→ **Assigned task**:
Return each record word for word, keeping none of its pictures.

[Records to use — start]

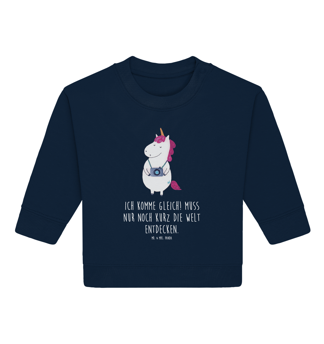 Organic Baby Pullover Einhorn Fotograf - 12. - 18. Monat - mit Spruch - French Navy
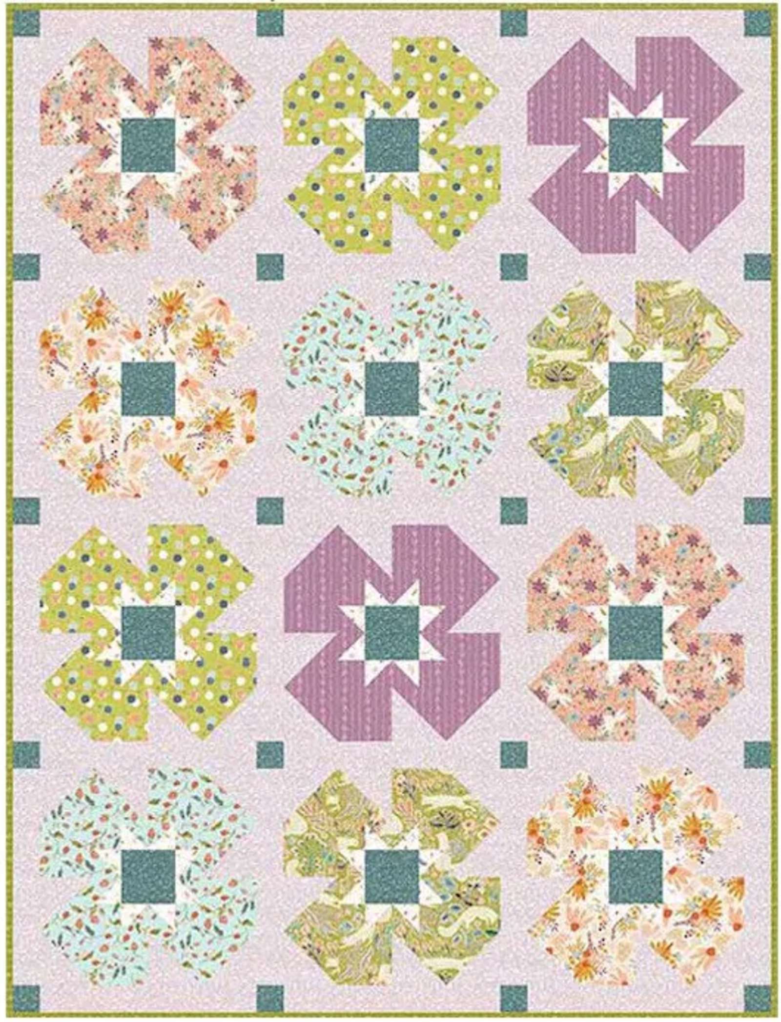 This kit features the fabric line Thicket and Bramble by FIGO. Pattern is included and is also beginner friendly with a finished size of 56"x 74"
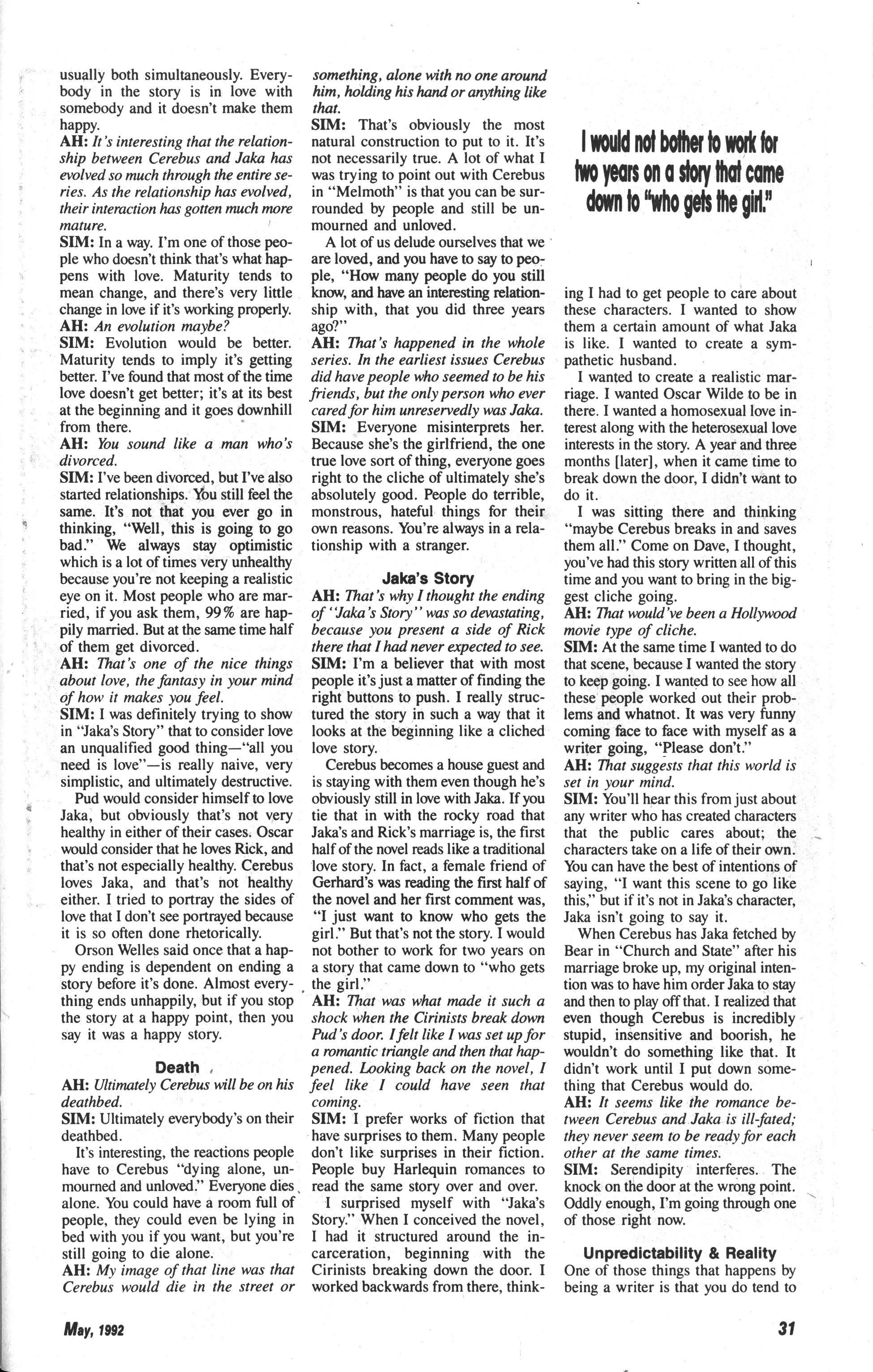 Gary Groth interviews Sim in The Comics Journal #130, page 115:
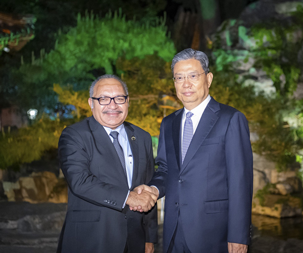 4月25日,中共中央政治局常委、中央纪委书记赵乐际在北京钓鱼台国宾馆会见巴布亚新几内亚总理奥尼尔。(新华社记者 翟健岚 摄)
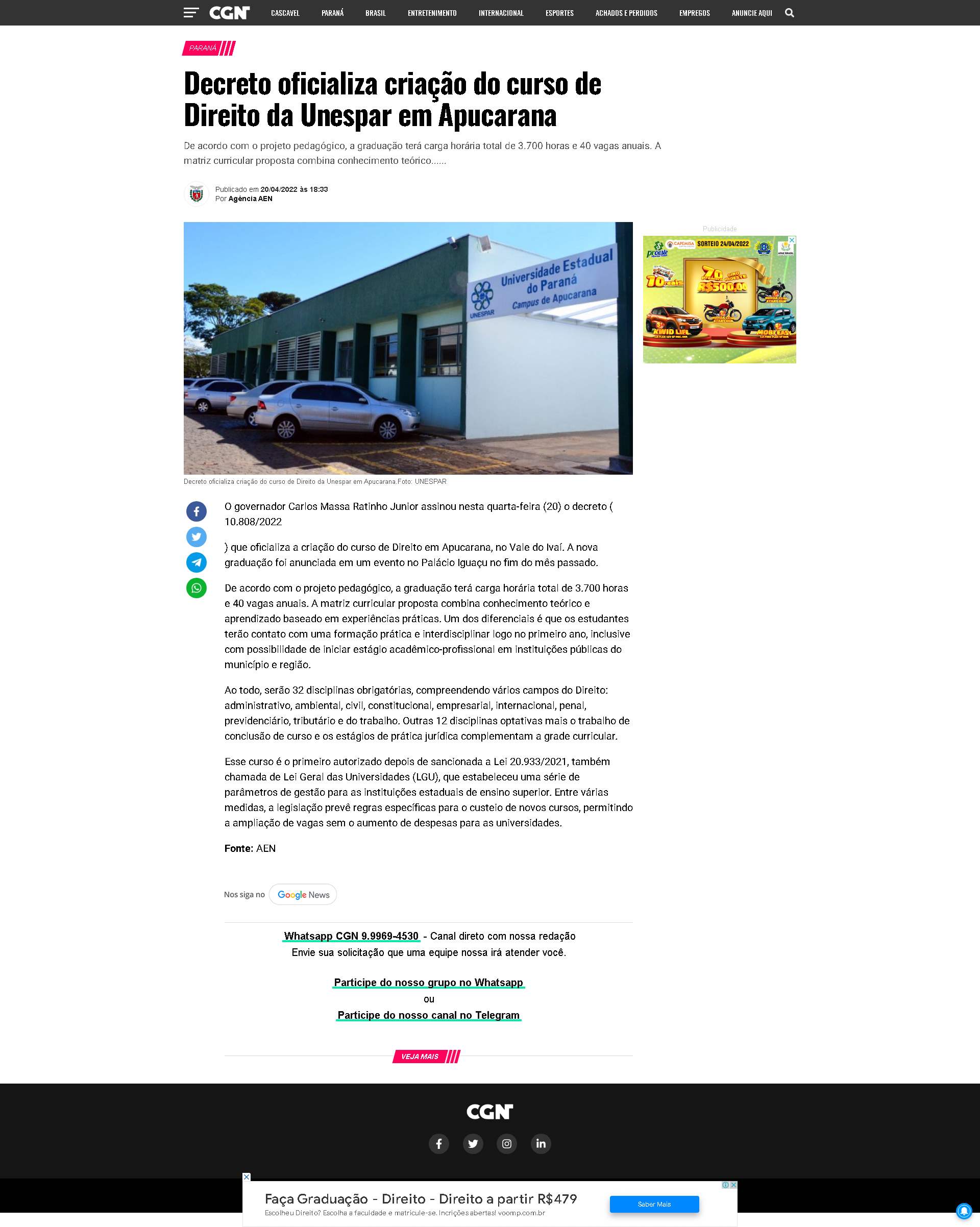 governador Carlos Massa Ratinho Junior assinou nesta quarta-feira (20) o decreto (10.808/2022) que oficializa a criação do curso de Direito em Apucarana, no Vale do Ivaí. A nova graduação foi anunciada em um evento no Palácio Iguaçu no fim do mês passado.
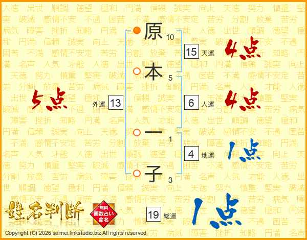 原本一子さんの天運は15画の4点!
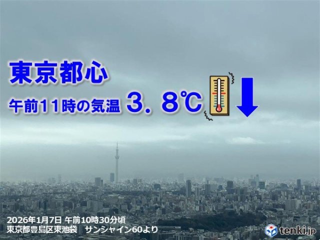 今日7日の関東は、各地とも朝から厚い雲に覆われ、関東南部の沿岸部を中心に弱い雨や雪の降っている所があります。東京都心は午前11時の気温が3.8℃と凍える寒さです。関東は午後も雲に覆われたままで、気温は上がらず真冬並みの寒さが続くでしょう。しっかり防寒を。
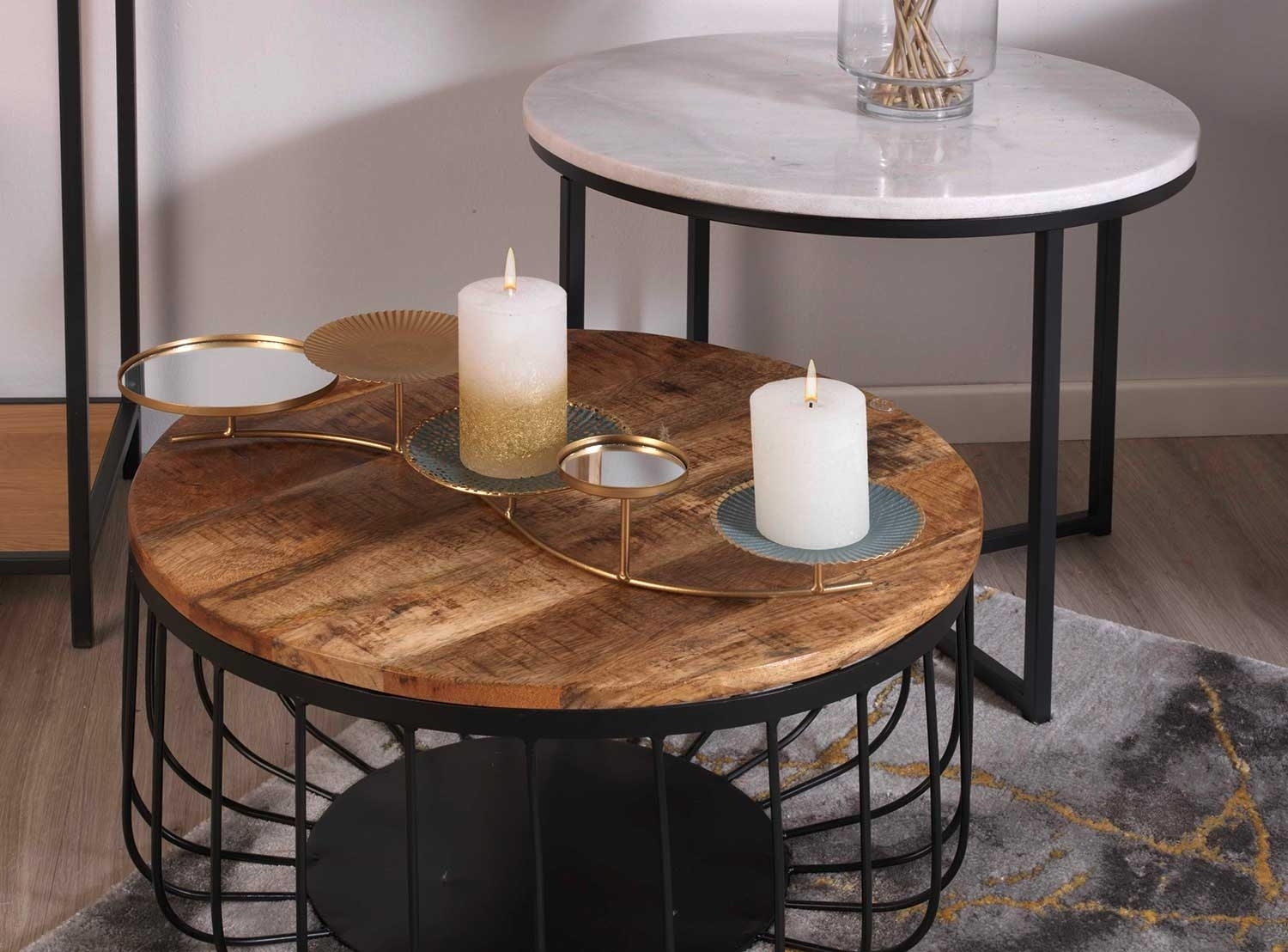 Mangoholz - Metallgestell - Ø 90 cm

[Records to use — finish]

→ **Expected output**:
 Organic Baby Pullover Einhorn Fotograf - 12. - 18. Monat - mit Spruch - French Navy
 This kit features the fabric line Thicket and Bramble by FIGO. Pattern is included and is also beginner friendly with a finished size of 56"x 74"
 Gary Groth interviews Sim in The Comics Journal #130, page 115:
 4月25日,中共中央政治局常委、中央纪委书记赵乐际在北京钓鱼台国宾馆会见巴布亚新几内亚总理奥尼尔。(新华社记者 翟健岚 摄)
 governador Carlos Massa Ratinho Junior assinou nesta quarta-feira (20) o decreto (10.808/2022) que oficializa a criação do curso de Direito em Apucarana, no Vale do Ivaí. A nova graduação foi anunciada em um evento no Palácio Iguaçu no fim do mês passado.
 原本一子さんの天運は15画の4点!
 今日7日の関東は、各地とも朝から厚い雲に覆われ、関東南部の沿岸部を中心に弱い雨や雪の降っている所があります。東京都心は午前11時の気温が3.8℃と凍える寒さです。関東は午後も雲に覆われたままで、気温は上がらず真冬並みの寒さが続くでしょう。しっかり防寒を。
 Mangoholz - Metallgestell - Ø 90 cm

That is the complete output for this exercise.